STORED DATA |
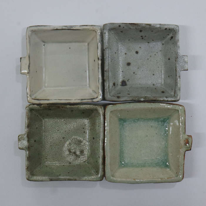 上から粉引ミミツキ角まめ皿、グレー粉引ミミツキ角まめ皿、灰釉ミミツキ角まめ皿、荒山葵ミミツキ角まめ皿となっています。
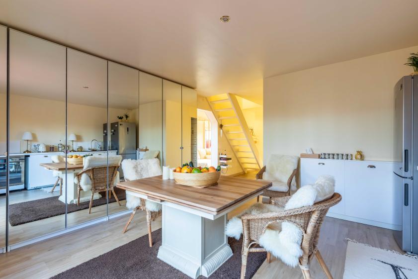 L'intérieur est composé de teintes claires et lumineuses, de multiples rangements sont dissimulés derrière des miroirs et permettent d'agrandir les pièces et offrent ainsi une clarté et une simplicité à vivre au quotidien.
--
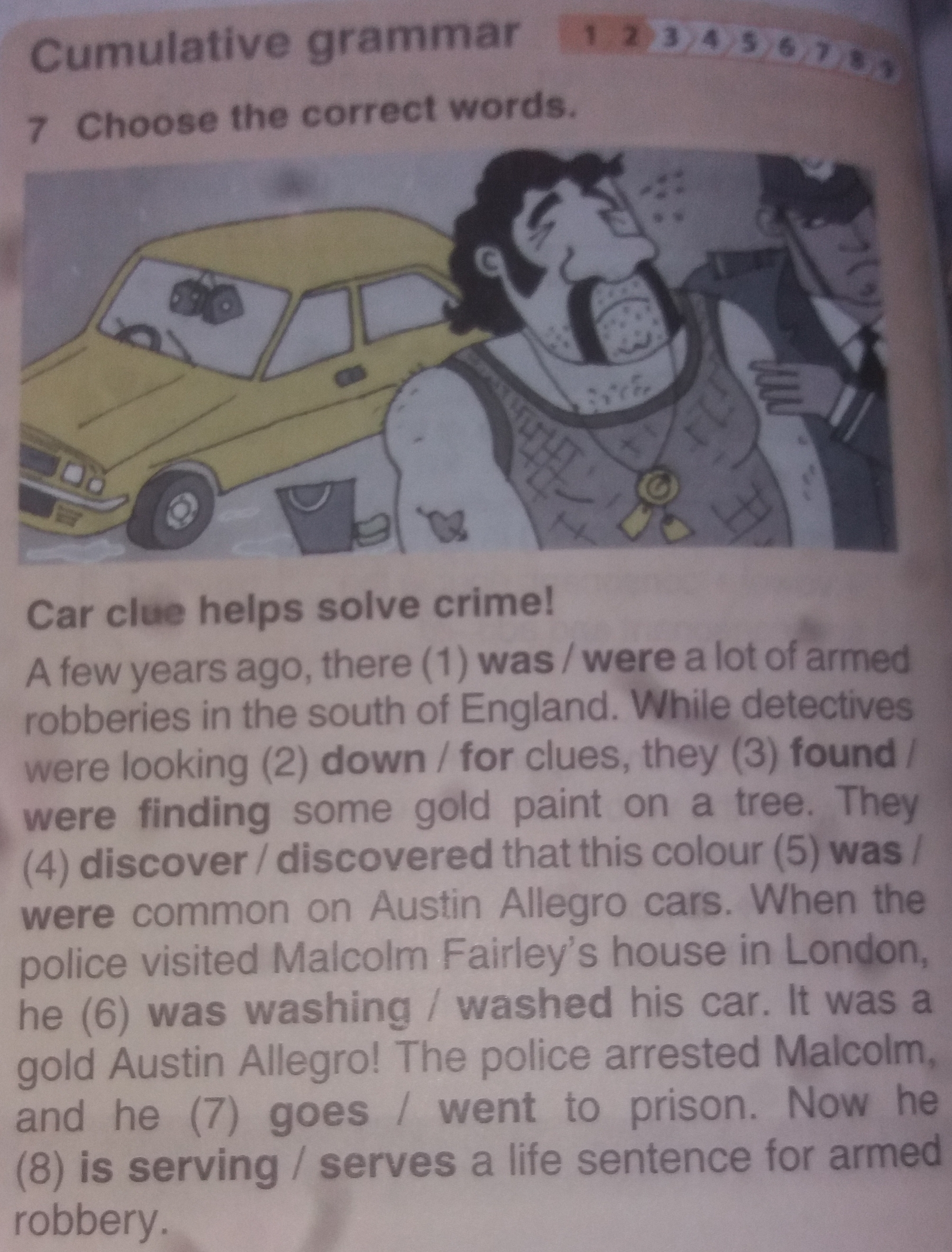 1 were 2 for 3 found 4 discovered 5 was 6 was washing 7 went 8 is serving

YOUR ASSIGNMENT | Would you transcribe the lines above exactly, going from the line bearing "上から粉引ミミツキ角まめ皿、" through the line bearing "L'intérieur est composé", and drop the pictures from the copy?

REPLY |
 上から粉引ミミツキ角まめ皿、グレー粉引ミミツキ角まめ皿、灰釉ミミツキ角まめ皿、荒山葵ミミツキ角まめ皿となっています。
 L'intérieur est composé de teintes claires et lumineuses, de multiples rangements sont dissimulés derrière des miroirs et permettent d'agrandir les pièces et offrent ainsi une clarté et une simplicité à vivre au quotidien.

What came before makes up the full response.